WHAT YOU HAVE TO DO: If an entry holds a picture, leave the picture out and output everything else exactly.

EXERCISE DATA:
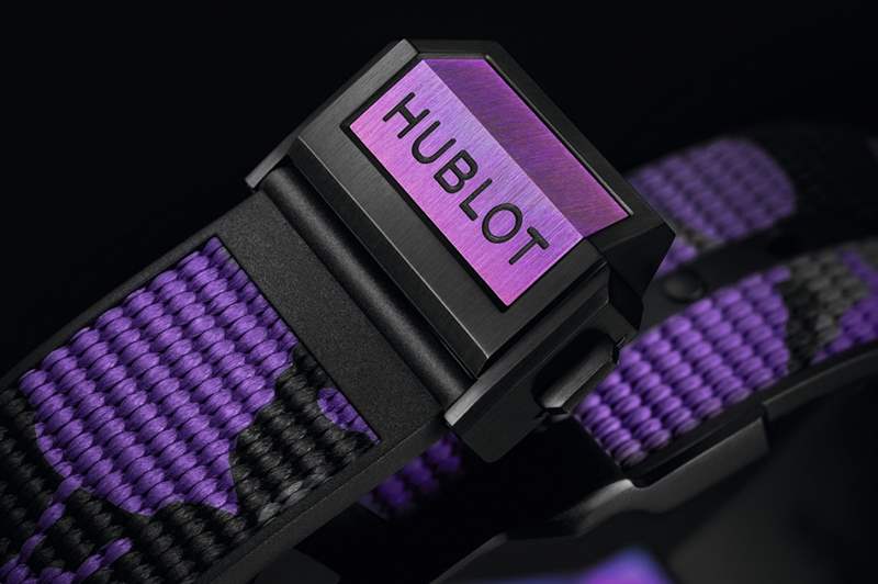 Big Bang DJ Snake腕表于全球限量100枚,提供兩款表帶以供選擇,第一款表帶由橡膠制成,飾以灰色、黑色和紫色迷彩圖案,與表殼反射的斑斕色彩相呼應。另一款表帶同樣采用橡膠材質,帶有黑色棱紋圖案。兩款表帶的表扣同樣呈現了與表殼和表圈相同的「牛頓環」視覺效果。每款均配備品牌專利的「一鍵式」快速更換表帶系統。
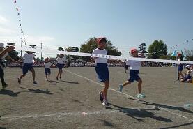 1年生は「がんばれ!ちびっこランナー」の徒競走で、ひたすら70mを全力疾走です。スタートダッシュから本気モードで、みんな真剣な表情です。途中、靴が脱げても気にせず走りきりました。
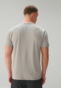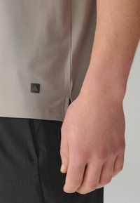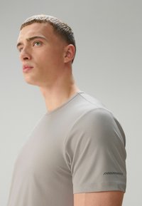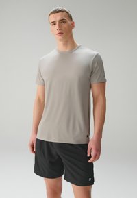 Jeune homme debout, face à l'avant, portant une chemise à manches courtes gris clair et un short noir, sur un fond gris uni.
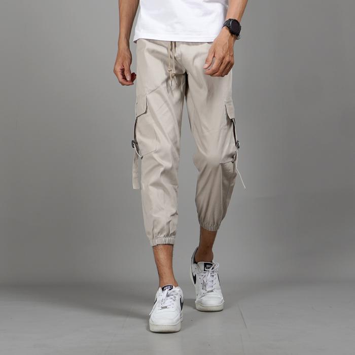 OKECHUKU FIRMAN CELANA CARGO PRIA 3/4 CARGO JOGGER ANKLE CARGO SLIMFIT - KREM, SIZE 30
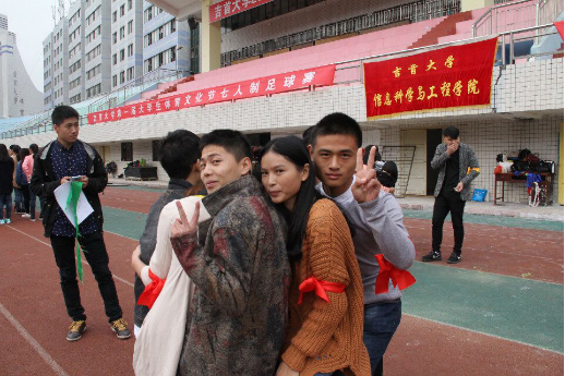 规则:本游戏分两轮进行,一轮由五个小组同时进行。每组派8名组员参加游戏,各组所有组员围成一圈站立,要求每个人的脚尖顶着前边人的脚跟,紧凑站立。刘鑫一喊“坐下”,各组组员立即坐下(即坐在后边的人的膝盖上)。各组坐下后刘鑫会再下口令“举起手”,则每个组员需将双手掌心向前举过头顶;各组统一举好后,刘鑫会进一步下达口令,指挥各组员将手摆向本组圈内或者圈外。依各组坚持时间的长短排名,时间越长,排名越高。
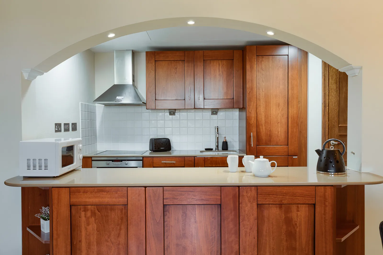 Separated by a granite-topped sideboard, the kitchen is well equipped with all modern conveniences including electric oven and hob and integrated dishwasher. The washing machine is housed in a handy utility cupboard off the hallway.
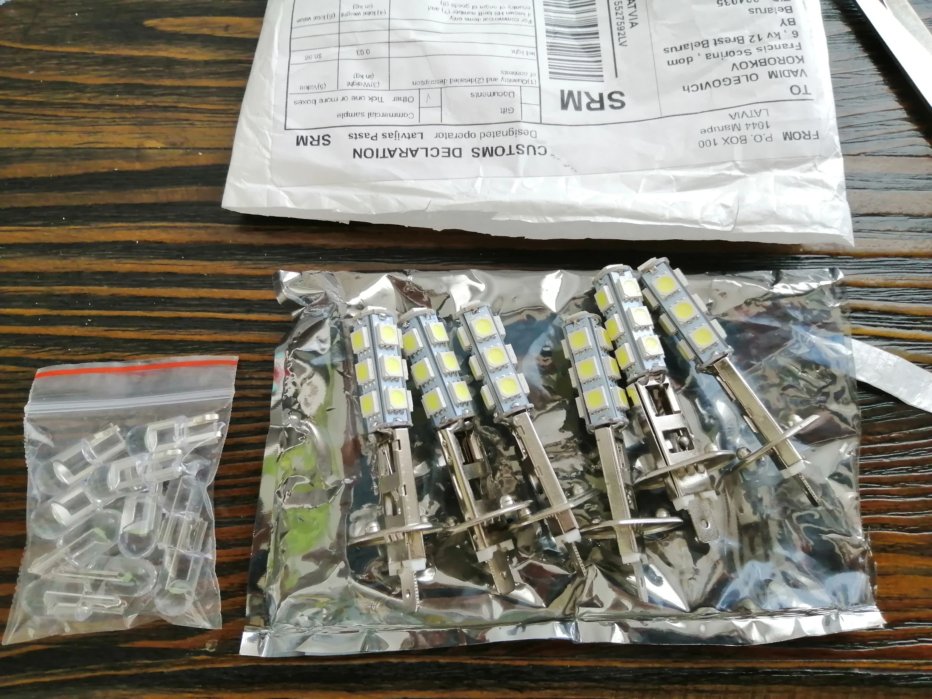 Посылка пришла за 14 дней, совместно с другими заказами в одном пакете с трек номером RU и отслеживалась на всем пути следования. Лампы упакованы хорошо, в пупырчатый пакет. Свет от ламп очень слабый, подходят только для ДХО, но не для основного света.
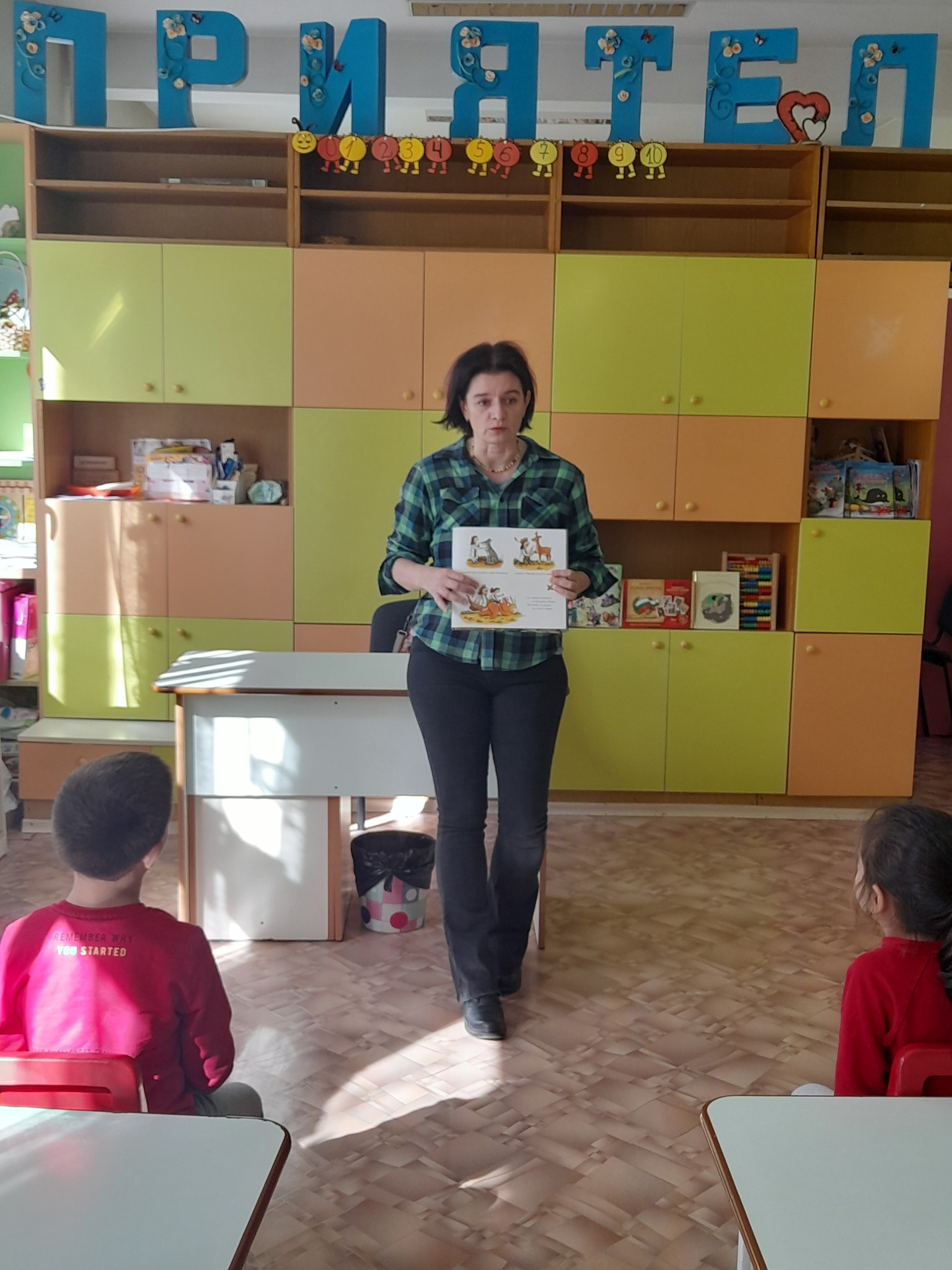 1 април, „Врабчова сговорна дружина”, Никола Вапцаров 2 април, „Нетърпение в кутия” 3 април, „Райска ябълка”, Васил Сотиров 4 април, „Куче на име Коте”, Томи Контио, превод Росица Цветанова 5 април, „Приказка ей така, прасешка при това”, Мила Попнеделева-Генова 6 април, „Приспивни песни за феи и чудовища”, Сотир Гелев 7 април, „Болничното куче”, Джулия Доналдсън 7 април, среща с деца в читалището в с. Хрищени 8 април, „Приказки по действителен случай”, Иванка Могилска 9 април, „Зог и Летящите Лекари”, Джулия Доналдсън 9 април, среща с деца в читалището в с. Преславен 10 април, „Пет мили мишлета”, Чисато Таширо, превод Владимир Молев 11 април, „Вечер във Венеция” 12 април, „Добрите стопани”, Асен Разцветников 13 април, „Небивалици с буквите от А до Я”, Цвета Брестничка 13 април, среща 4 класа деца в с. Сотиря, това са си 4 отделни срещи 14 април, „Мог забраваната”, Джудит Кер 14 април, две срещи с четвъртокласници и една – с единайсетокласници в Попово 15 април, „Слончето, което искаше да лети”, Лиляна Дворянова 16 април, „Сиводрешко и Бързобежко”, Леда Милева 16 април, среща онлайн с деца от Русе и от българското училище в Прага 17 април, „Зеленогледите”, Деница Минева, превод в стихове Зорница Христова 18 април, „Рибко”, Джулия Доналдсън 19 април, „Хмутовете”, Ирен Леви 19 април, среща с 8 б клас в ПМГ „Гео Милев” – Стара Загора 20 април, „Жабешки истории”, Йордан Радичков 21 април, „Лече буболече”, Георги Авгарски 21 април, среща с ученици в 12 СУ „Цар Иван Асен Втори“ 22 април, „Небето е на всички”, Джани Родари, превод Валери Петров 23 април, среща онлайн с ученици от Русе 23 април, в градската градина, „Четем поетите на Стара Загора“ 23 април, среща с деца от Второ основно училище „Петко Рачев Славейков“ 23 април, стихотворения от Недялко Йорданов, Елица Мавродинова, Тодор Толев, Александър Белчев, Борис Христов, Румен Денев, Ники Комедвенска, Николай Милчев и Райчо Русев
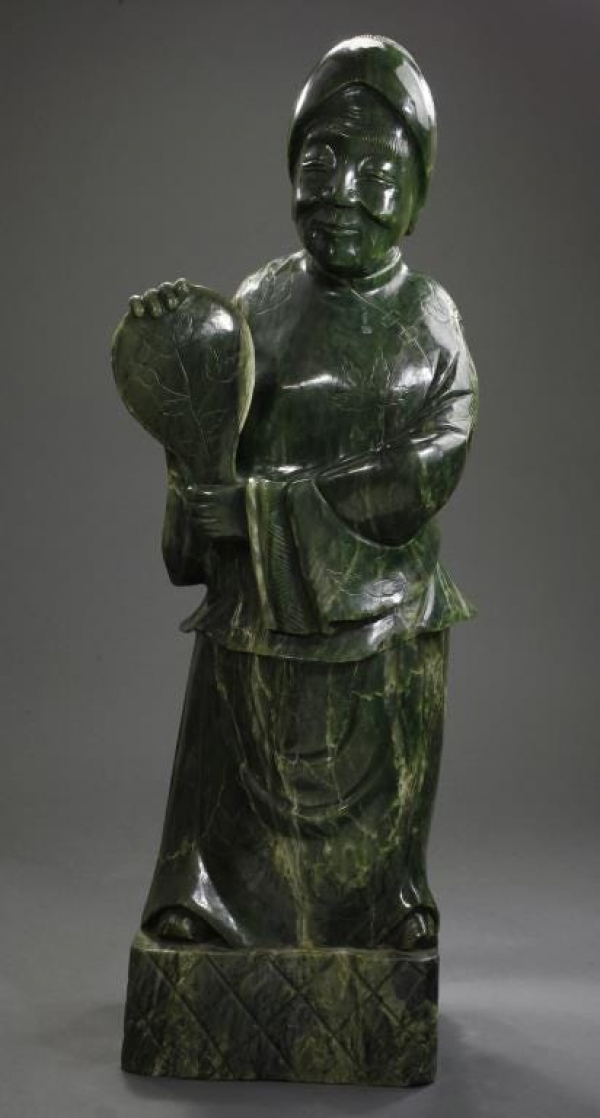 LARGE CHINESE SPINACH GREEN JADE FIGURE OF LUOHAN

RESPONSE TO THIS TASK:
 Big Bang DJ Snake腕表于全球限量100枚,提供兩款表帶以供選擇,第一款表帶由橡膠制成,飾以灰色、黑色和紫色迷彩圖案,與表殼反射的斑斕色彩相呼應。另一款表帶同樣采用橡膠材質,帶有黑色棱紋圖案。兩款表帶的表扣同樣呈現了與表殼和表圈相同的「牛頓環」視覺效果。每款均配備品牌專利的「一鍵式」快速更換表帶系統。
 1年生は「がんばれ!ちびっこランナー」の徒競走で、ひたすら70mを全力疾走です。スタートダッシュから本気モードで、みんな真剣な表情です。途中、靴が脱げても気にせず走りきりました。
 Jeune homme debout, face à l'avant, portant une chemise à manches courtes gris clair et un short noir, sur un fond gris uni.
 OKECHUKU FIRMAN CELANA CARGO PRIA 3/4 CARGO JOGGER ANKLE CARGO SLIMFIT - KREM, SIZE 30
 规则:本游戏分两轮进行,一轮由五个小组同时进行。每组派8名组员参加游戏,各组所有组员围成一圈站立,要求每个人的脚尖顶着前边人的脚跟,紧凑站立。刘鑫一喊“坐下”,各组组员立即坐下(即坐在后边的人的膝盖上)。各组坐下后刘鑫会再下口令“举起手”,则每个组员需将双手掌心向前举过头顶;各组统一举好后,刘鑫会进一步下达口令,指挥各组员将手摆向本组圈内或者圈外。依各组坚持时间的长短排名,时间越长,排名越高。
 Separated by a granite-topped sideboard, the kitchen is well equipped with all modern conveniences including electric oven and hob and integrated dishwasher. The washing machine is housed in a handy utility cupboard off the hallway.
 Посылка пришла за 14 дней, совместно с другими заказами в одном пакете с трек номером RU и отслеживалась на всем пути следования. Лампы упакованы хорошо, в пупырчатый пакет. Свет от ламп очень слабый, подходят только для ДХО, но не для основного света.
 1 април, „Врабчова сговорна дружина”, Никола Вапцаров 2 април, „Нетърпение в кутия” 3 април, „Райска ябълка”, Васил Сотиров 4 април, „Куче на име Коте”, Томи Контио, превод Росица Цветанова 5 април, „Приказка ей така, прасешка при това”, Мила Попнеделева-Генова 6 април, „Приспивни песни за феи и чудовища”, Сотир Гелев 7 април, „Болничното куче”, Джулия Доналдсън 7 април, среща с деца в читалището в с. Хрищени 8 април, „Приказки по действителен случай”, Иванка Могилска 9 април, „Зог и Летящите Лекари”, Джулия Доналдсън 9 април, среща с деца в читалището в с. Преславен 10 април, „Пет мили мишлета”, Чисато Таширо, превод Владимир Молев 11 април, „Вечер във Венеция” 12 април, „Добрите стопани”, Асен Разцветников 13 април, „Небивалици с буквите от А до Я”, Цвета Брестничка 13 април, среща 4 класа деца в с. Сотиря, това са си 4 отделни срещи 14 април, „Мог забраваната”, Джудит Кер 14 април, две срещи с четвъртокласници и една – с единайсетокласници в Попово 15 април, „Слончето, което искаше да лети”, Лиляна Дворянова 16 април, „Сиводрешко и Бързобежко”, Леда Милева 16 април, среща онлайн с деца от Русе и от българското училище в Прага 17 април, „Зеленогледите”, Деница Минева, превод в стихове Зорница Христова 18 април, „Рибко”, Джулия Доналдсън 19 април, „Хмутовете”, Ирен Леви 19 април, среща с 8 б клас в ПМГ „Гео Милев” – Стара Загора 20 април, „Жабешки истории”, Йордан Радичков 21 април, „Лече буболече”, Георги Авгарски 21 април, среща с ученици в 12 СУ „Цар Иван Асен Втори“ 22 април, „Небето е на всички”, Джани Родари, превод Валери Петров 23 април, среща онлайн с ученици от Русе 23 април, в градската градина, „Четем поетите на Стара Загора“ 23 април, среща с деца от Второ основно училище „Петко Рачев Славейков“ 23 април, стихотворения от Недялко Йорданов, Елица Мавродинова, Тодор Толев, Александър Белчев, Борис Христов, Румен Денев, Ники Комедвенска, Николай Милчев и Райчо Русев
 LARGE CHINESE SPINACH GREEN JADE FIGURE OF LUOHAN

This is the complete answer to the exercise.